Exercise prompt
Omit all images, then repeat exactly the lines below from the one containing "通过院内督导和校督导对202" through the one containing "こちらのカフェにて、サーモンスープを注文する方が多いようです。", both ends included.

Data to use
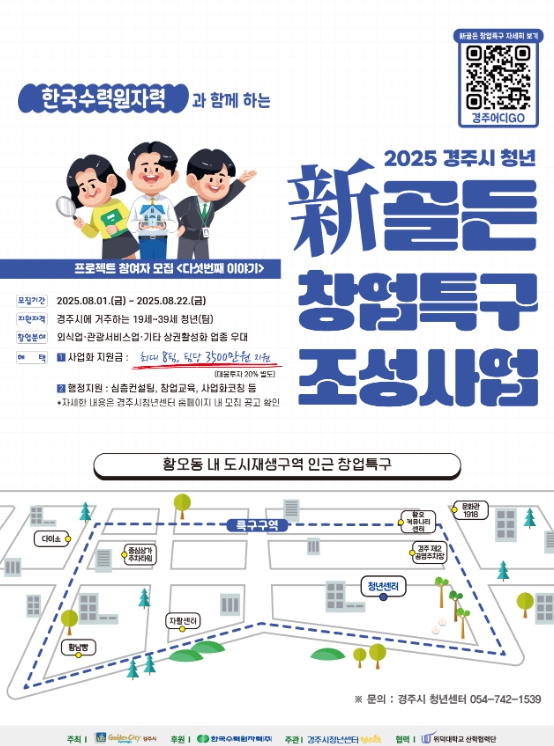 모집 기간은 8월 1일부터 22일까지 22일간이며, 경주시에 거주하는 만 19세부터 39세 이하의 청년 개인 또는 팀 단위(3인 이내)로 누구나 신청할 수 있다.
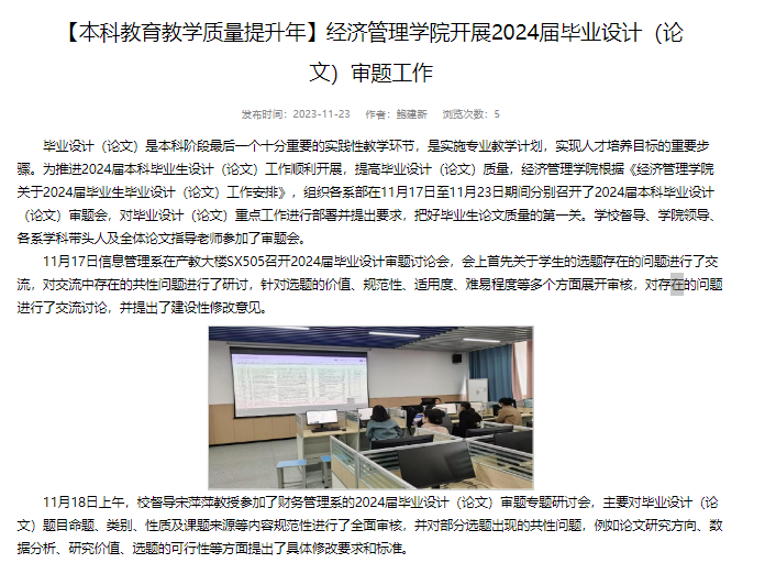 通过院内督导和校督导对2023届毕业设计(论文)抽查反馈问题的汇总,经济管理公司对2024届毕业设计(论文)提出了新的要求和指导性的审题工作部署。
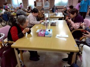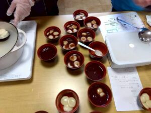 会場には甘い香りのおしるこが広がり、入居者様から「懐かしいね」「温まるね」と笑顔があふれていました。
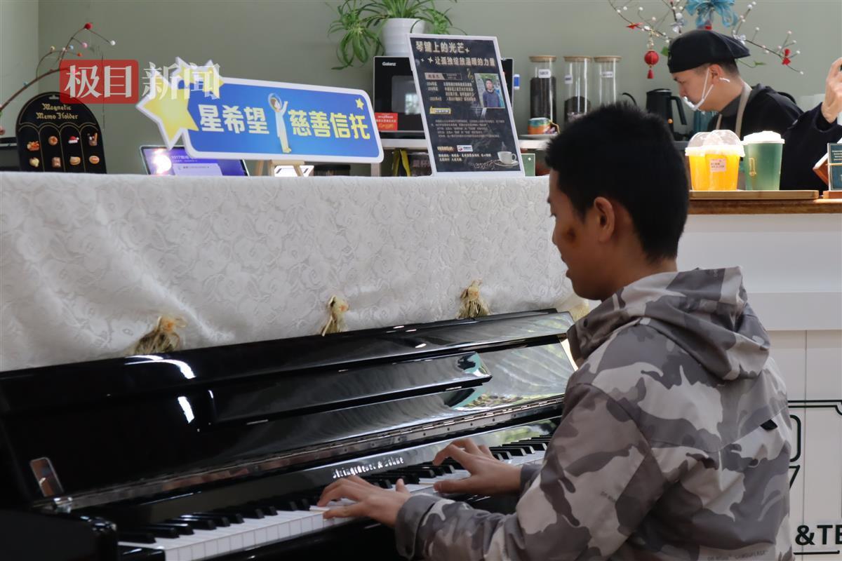 4月1日上午11时许,武汉市江岸区高雄路8号的1017公益咖啡厅内举办着一场特殊的入职仪式。17岁的小杰坐在钢琴前,神情专注,指法轻盈熟练。在入职首秀上,从他指尖流淌出的钢琴曲《给母亲的信》,旋律悠扬,让咖啡厅内的听众感动不已。
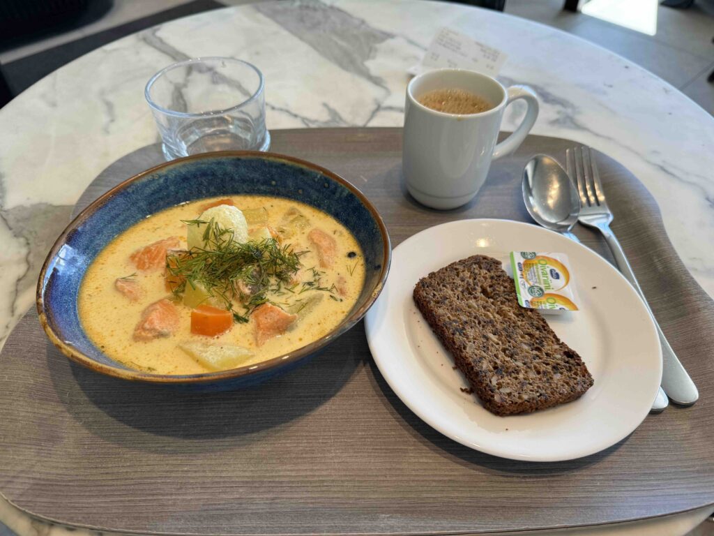こちらのカフェにて、サーモンスープを注文する方が多いようです。
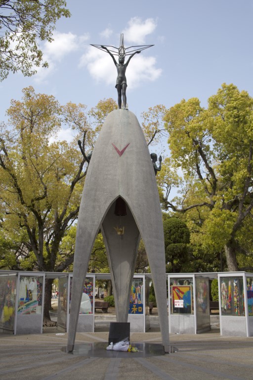 The statue atop the memorial is of Sadako Sasaki 佐々木 禎子 a young girl, who while suffering from leukemia, believed that if she folded 1,000 paper cranes she would be cured.
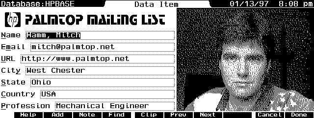 Keeping data on the HP Palmtop
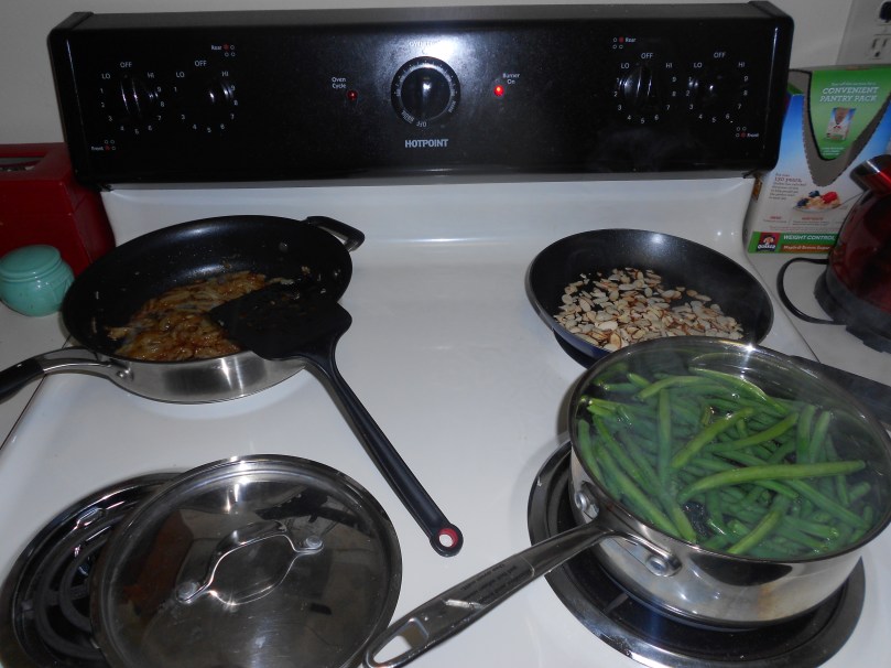 I’ll tell you a secret.  I love a green vegetable.  My two favorite green vegetables are probably broccoli and green beans.  The topic at hand today is the green bean.  The key with the green bean in my mind is that they are cooked but still crunchy.  I’m not a fan of the mushy green beans that are either cooked to death or canned.  A couple years ago I took inspiration from a few different recipes that I saw from various sources and started making a fabulous green bean dish.  This dish has since become a staple at important eating occasions in my family, including a spot at the most important eating occasion: Thanksgiving.
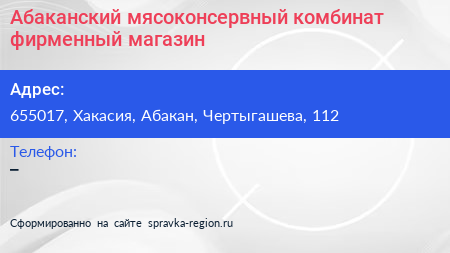 Абаканский мясоконсервный комбинат, фирменный магазин по адресу 655017, Хакасия, Абакан, Чертыгашева, 112 в дальнейшем Организация, размещена в следующих категориях:
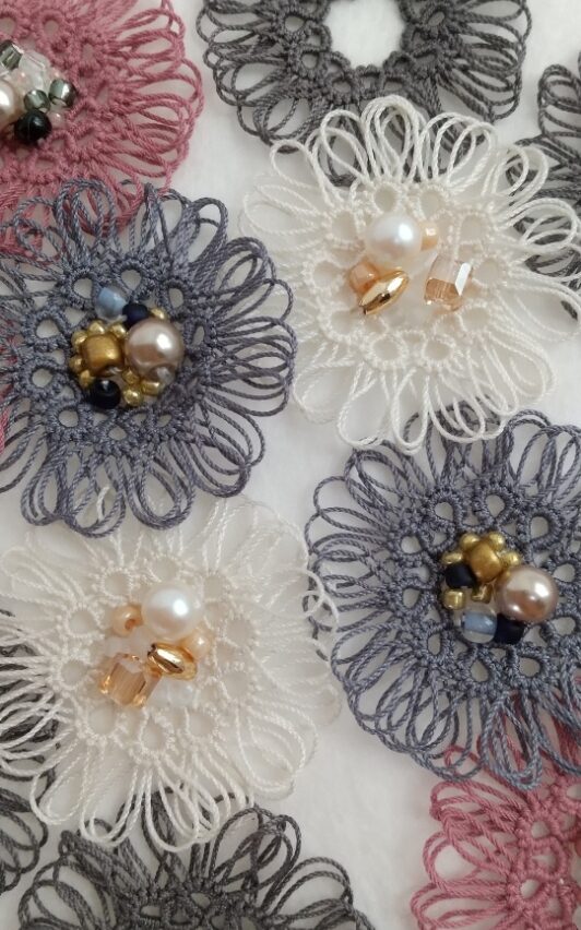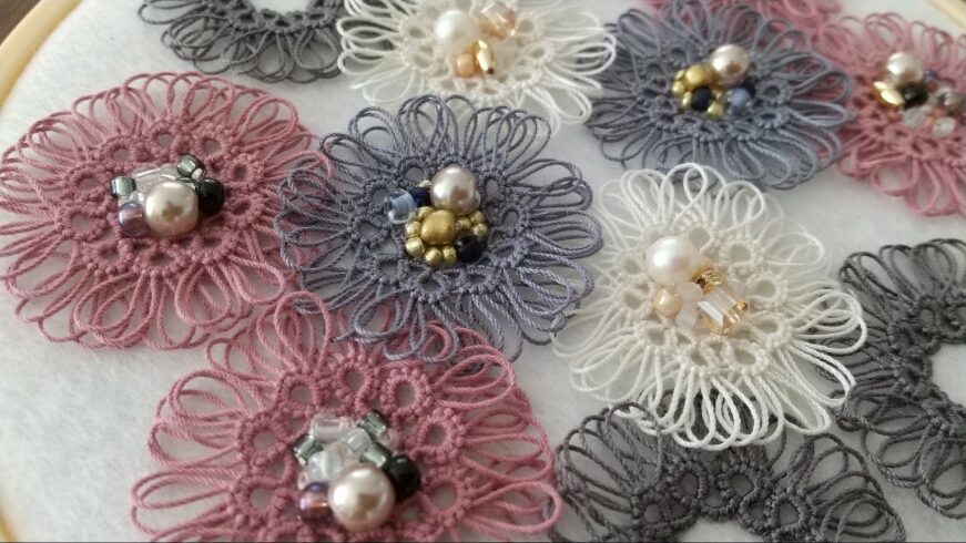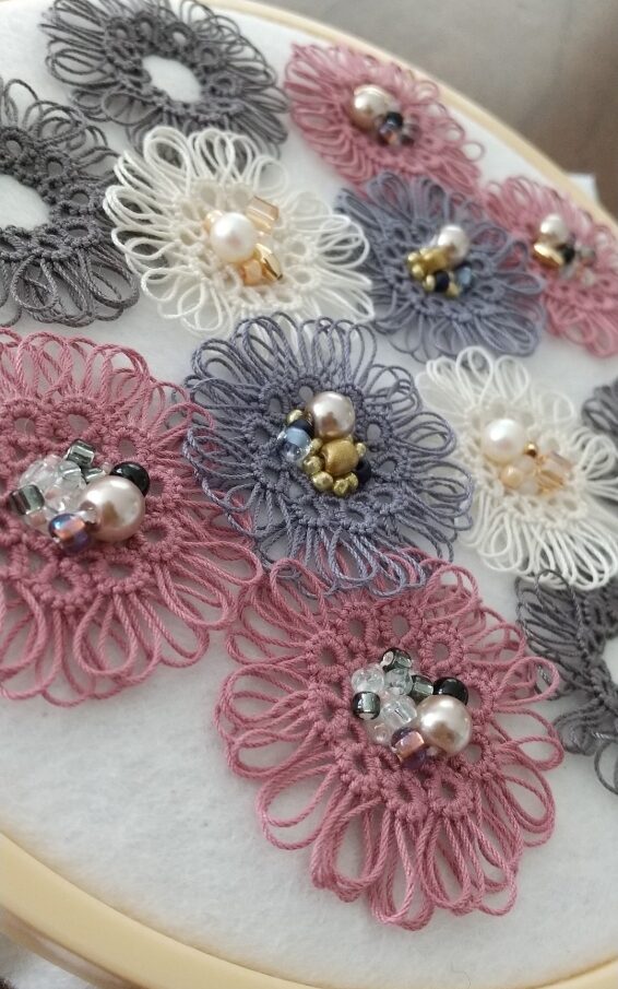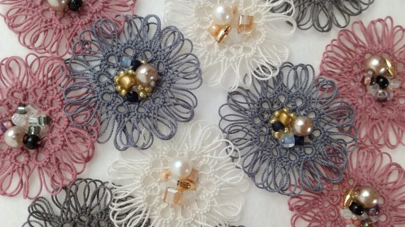 続いて、ホワイトの糸と優しいベージュ系のビーズを合わせたこちらの作品です。

Solution for this task
 通过院内督导和校督导对2023届毕业设计(论文)抽查反馈问题的汇总,经济管理公司对2024届毕业设计(论文)提出了新的要求和指导性的审题工作部署。
 会場には甘い香りのおしるこが広がり、入居者様から「懐かしいね」「温まるね」と笑顔があふれていました。
 4月1日上午11时许,武汉市江岸区高雄路8号的1017公益咖啡厅内举办着一场特殊的入职仪式。17岁的小杰坐在钢琴前,神情专注,指法轻盈熟练。在入职首秀上,从他指尖流淌出的钢琴曲《给母亲的信》,旋律悠扬,让咖啡厅内的听众感动不已。
こちらのカフェにて、サーモンスープを注文する方が多いようです。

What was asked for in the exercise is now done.